Evan Williams knows that since he lived it. When Google acquired Blogger it secured the service’s future and insured its growth to the household name it became. (One of the many tales told in Say Everything…) But you didn’t exactly see Blogger pushing the boundaries or adding exciting new wrinkles. The innovation was done.

Google, being Google, didn’t rush to extract value. But that’s what we’re seeing now with MySpace and News Corporation. Having invested in the social network because of its market share and buzz but with little idea how to make money with it, Rupert Murdoch is now impatient to ramp up the revenue. The competition over at Facebook — still independent and still run by founders — is more focused right now on adding features and figuring out what their service is all about than in raking in the dollars. If they sell now, they know they’re likely giving up further explorations of what Facebook is (explorations that today are underwritten, to be sure, by investors who hope someday to cash out).

Meanwhile, the granddaddy of this sort of deal — the great AOL/Time Warner merger of 2000 — is receiving its final interment this week with the announcement that Time intends to fling the old albatross off its neck in a spinoff. When it was first announced, that combination was hailed as “the deal of the millennium,” but none of the people involved really had a clue about the future — not the AOL executives who shrewdly sold off their business at the peak of its market value, and certainly not the Time Warner execs who very quickly realized the two companies had absolutely no business combining forces.

AOL was never a hugely innovative company, but it was good at getting people online quickly and easily in the early days of the Web. Maybe it had a future doing the same thing in the broadband era. But from the moment AOL sold itself to Time, it ceased being a force of any consequence on the Net and began a long, slow downward slide from which it has never recovered, and from which I doubt it ever can — even with ex-Googler Tim Armstrong at the helm.

Reading about the spinoff this week reminded me of one of my most amusing experiences during the dotcom bubble. In January 2000 I was a new dad with three-month-old twins at home; elated but sleepless, I was running on caffeine and adrenaline. When I woke up to news of the AOL deal I rubbed my eyes and banged out a very quick column raising some questions about it.

Later that day I got a call from some producers at CNN asking if I would go on the air to talk about the deal. I thought, yeah, sure, as long as I can keep my eyes open… What I realized once the anchorperson started asking me questions was that I’d been cast as the deal’s Dr. Doom. In retrospect I think I was perhaps the only pundit they could get in front of their cameras who wasn’t convinced that the deal was going to reshape the Web world.
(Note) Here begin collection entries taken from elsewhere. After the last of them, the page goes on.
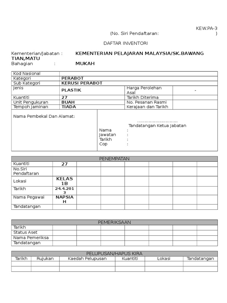 Kew Pa 3 Daftar Aset Alih Yang Bernilai Rendah
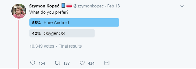 Szymon Kopeć یکی از مهندسان شرکت وان پلاس از کاربران توئیتر پرسید که از میان اندروید خام و OxygenOS کدامیک را ترجیح میدهند؟ در ابتدای کار نظرسنجی خیلی خوب و به نفع رایط کاربری وان پلاس پیش رفت و همین موضوع باعث گل کردن حس شوخ طبعی کارل پی، یکی از بنیانگذاران این شرکت و مدیرعامل فعلی شد. او به شوخی و با کنایه به شیائومی در پاسخ به نظرسنجی مهندس وان پلاس گفت: “این نظرسنجی را پاک نکن.” مطمئناً زمانی که در حال نوشتن چنین جمله ای بود، از برد اکسیژن OS مطمئن بود، اما غافل از اینکه این داستان پایان خوشی نداشت.
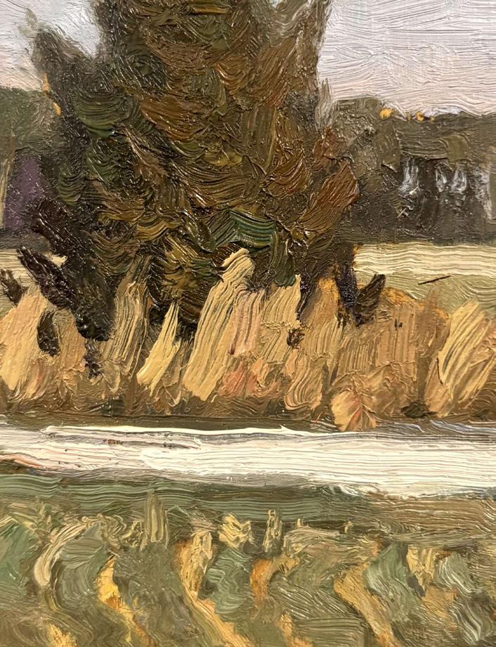 Fundamentally, Cameron McIntyre’s paintings are delicate studies of light and time. The artist paints and carves in a way only someone who has been deeply changed by the Chesapeake Bay can: each piece is simultaneously of the moment in which the artist encountered a scene, but also of the millennia it took to form the beautiful, languid natural forms around us. Activated by light filtering through the clouds, tree lines, marshes, and the like, the beautiful shadows of his paintings tell both the story of the landscape and of McIntyre’s life. The paintings consistently yield delightful complexity in the landscapes. While some scenes center a single element of the landscape as a photograph would, such as the road leading out from his farm in Leaving Home and the towering yet lonely cedar tree in Russ’ Cedar, his painterly haziness transforms the paintings into spiritual experiences.
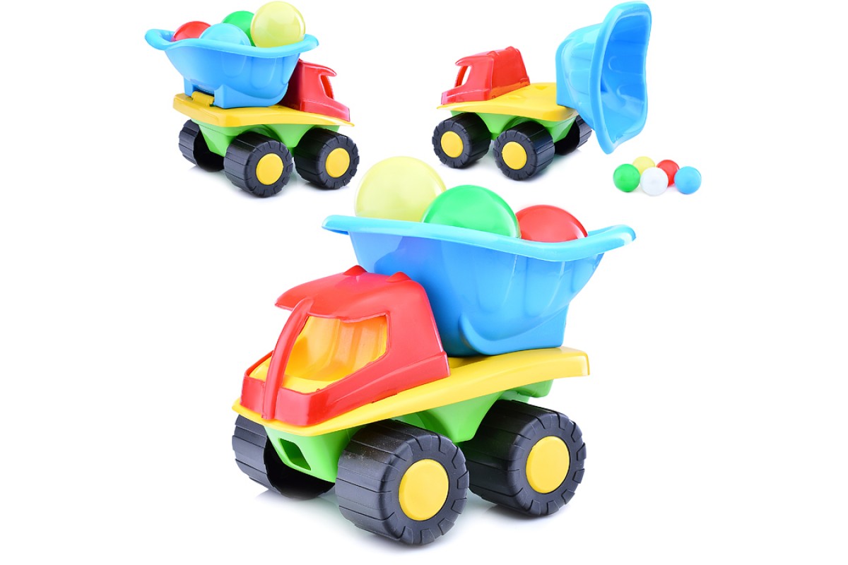 • Машинка не имеет острых углов, кузов самосвала поднимается и опускается.
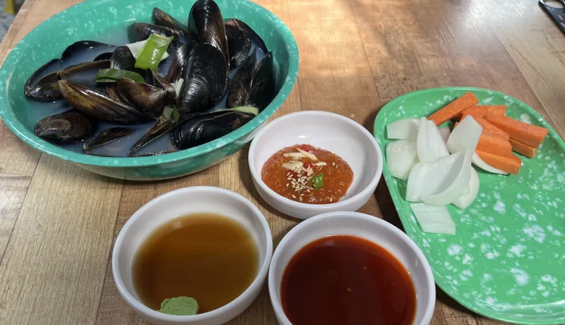 기분이 영 별로... 하고 있는데.. 더운 날씨임에도 홍합탕 국물을 마시곤.. 싹 풀렸네...ㅎㅎㅎㅎ
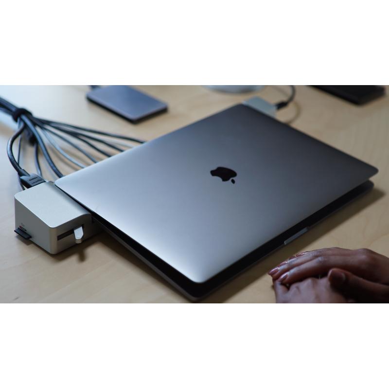 Nu va mai trebui să conectezi cablurile de fiecare dată când te întorci acasă sau la birou. Toate cablurile rămân conectate chiar și atunci când iei MacBook-ul cu tine.
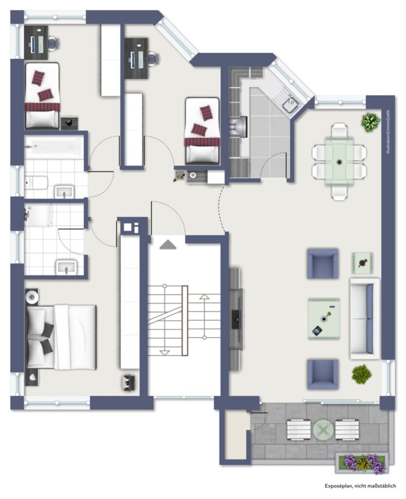 Der Grundriss überzeugt durch einen hellen Wohn- und Essbereich mit Zugang zum sonnigen Südbalkon. Dank Markise genießen Sie hier entspannte Stunden im Freien. Die separate Küche, eine großzügige Diele sowie drei weitere Zimmer bieten ausreichend Platz für z.B. Elternschlafzimmer, Kinderzimmer und ein Homeoffice oder Gästezimmer.

I saved video from the show. Here it is:

“What’s the problem?” indeed! I can’t claim any astute prescience; I couldn’t foresee just how quickly the boom would go bust and the deal would turn sour, and I worried more about big companies trying to strangle the Web than, in retrospect, I needed to. But I knew a fear-driven deal when I saw one and was in no mood to cheer what looked like the blind mating dance of clueless media barons.

It’s good to remember that today as the chorus on the sidelines starts chanting for new matches. They rarely work — and even when they do, they usually mean that the fun is over.